ASQL: SQL with Analytics Built In¶
Analytic SQL (ASQL) is a query language designed for analytics work. It adds built-in analytics features that SQL lacks—guaranteed complete results, cohort analysis, cross-dialect date handling—and uses a pipeline syntax that flows top-to-bottom.
Think of it as SQL with analytics superpowers. Write ASQL, get standard SQL for any dialect.
Status: Experimental. GitHub
The Problem with SQL for Analytics¶
SQL was designed in the 1970s for transactional systems—banking, inventory, order processing. It answers "what happened?" based on rows that exist. This works great for OLTP.

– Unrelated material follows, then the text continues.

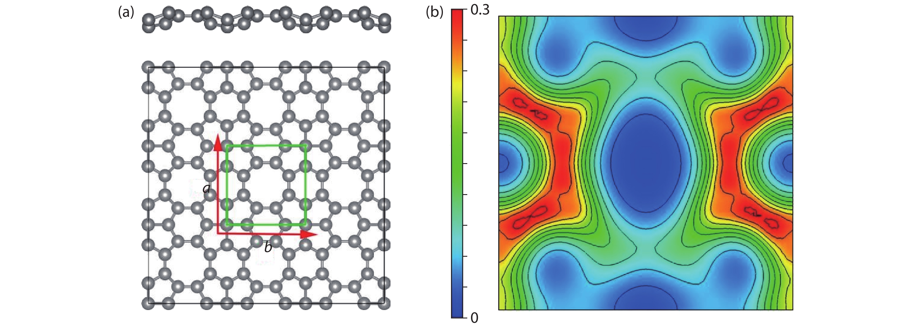 Fig. 1.  (Color online) (a) The crystalline structures and (b) 2D charge density difference plot of C568. The square unit-cell marked in green line, where a and b represent unitcell vectors.

But analytics is different. When you're building dashboards, tracking trends, or calculating month-over-month metrics, SQL's design causes real problems:
Missing Data Points¶
SELECT month, SUM(amount) as revenue
FROM orders
GROUP BY month;
| month | revenue |
|---|---|
| Jan | 1000 |
| Feb | 1500 |
| Mar | 800 |
| Jun | 1200 |
April and May are missing. Your chart line jumps. Your MoM calculation uses the wrong prior month. Your dashboard looks broken.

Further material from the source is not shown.